There are functions to allow the generation of a number of pre-defined praat scripts for common tasks such as formant, pitch, intensity, and centre of gravity:

# Perform a search
results <- getMatches(labbcat.url, list(segment="I"))

# get F1 and F2 for the mid point of the vowel
formants <- processWithPraat(
       labbcat.url,
       results$MatchId, results$Target.segment.start, results$Target.segment.end,
       praatScriptFormants(),
       no.progress=TRUE)

You can provide your own script, either by building a string with your code, or loading one from a file.

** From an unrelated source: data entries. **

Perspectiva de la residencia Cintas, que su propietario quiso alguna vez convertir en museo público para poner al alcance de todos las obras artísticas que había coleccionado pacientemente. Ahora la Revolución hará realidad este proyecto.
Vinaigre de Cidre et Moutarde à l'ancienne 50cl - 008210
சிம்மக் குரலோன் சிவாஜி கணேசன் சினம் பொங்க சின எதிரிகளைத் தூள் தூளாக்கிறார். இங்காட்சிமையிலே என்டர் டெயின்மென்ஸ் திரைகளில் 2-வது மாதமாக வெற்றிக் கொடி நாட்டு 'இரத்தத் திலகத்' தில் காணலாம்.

# execute a custom script loaded form a file
acoustic.measurements <- processWithPraat(
       labbcat.url,
       results$MatchId, results$Target.segment.start, results$Target.segment.end,
       readLines("acousticMeasurements.praat"))

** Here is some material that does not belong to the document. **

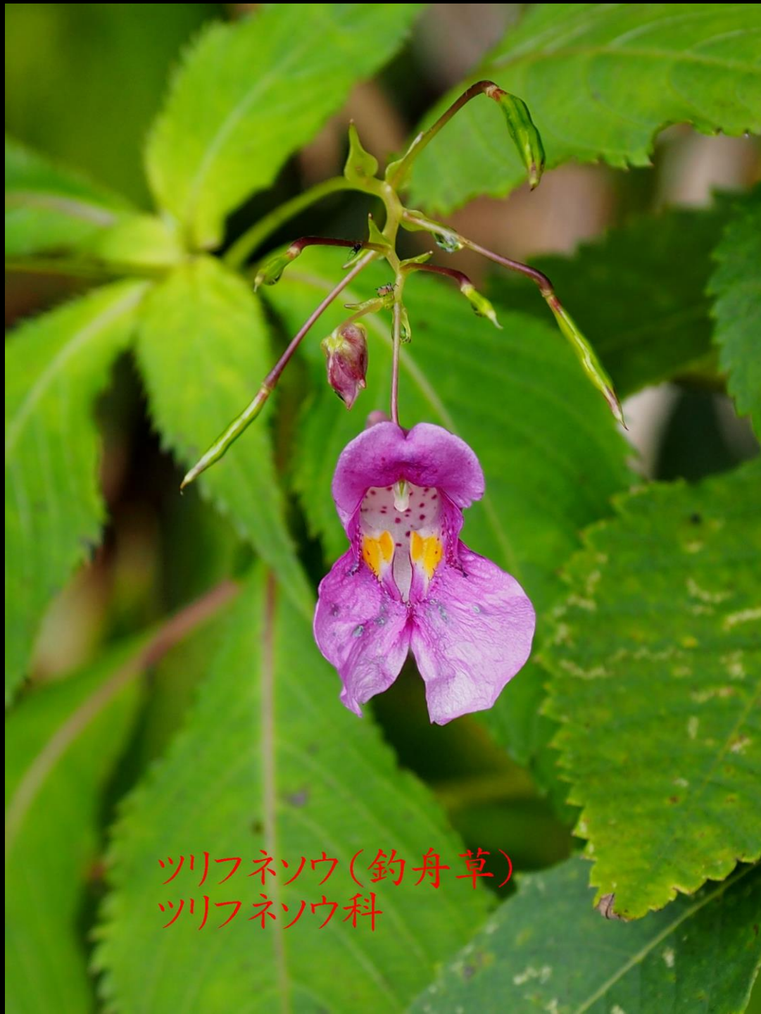
ツリフネソウ(釣舟草) ツリフネソウ科

Retrieving transcript and participant attributes

Transcript attributes can be retrieved like this:

# Get language, duration, and corpus for transcripts starting with 'BR'
attributes <- getTranscriptAttributes(labbcat.url,
            getMatchingTranscriptIds(labbcat.url, "/BR.+/.test(id)"),
            c('transcript_language', 'transcript_duration', 'corpus'))

Similarly, participant attributes can also be accessed:

# Get gender and age for all participants
attributes <- getParticipantAttributes(labbcat.url,
            getParticipantIds(labbcat.url),
            c('participant_gender', 'participant_age'))

Developers

Prerequesites

For building the documentation with pkgdown:

apt install pandoc
R -e "install.packages("pkgdown")"

Building the package and documentation

The package can be built from the source code using using:

./build.sh

Running automated tests

Unit tests use the ‘testthat’ package, which requires a one-time installation:

R -e "install.packages('testthat')"

The tests assume access to at least one LaBB-CAT server, with URL and credentials defined by environment variables, so you must create a .Renviron file something like:

TEST_READ_LABBCAT_URL=https://labbcat.canterbury.ac.nz/demo/
TEST_READ_LABBCAT_USERNAME=demo
TEST_READ_LABBCAT_PASSWORD=demo
TEST_ADMIN_LABBCAT_URL=http://localhost:8080/labbcat/
TEST_ADMIN_LABBCAT_USERNAME=labbcat
TEST_ADMIN_LABBCAT_PASSWORD=labbcat

Then you can use the following commands to run unit tests:

R -e "devtools::test()"

Specific tests can be run like this:

R -e "devtools::test(filter='getId')"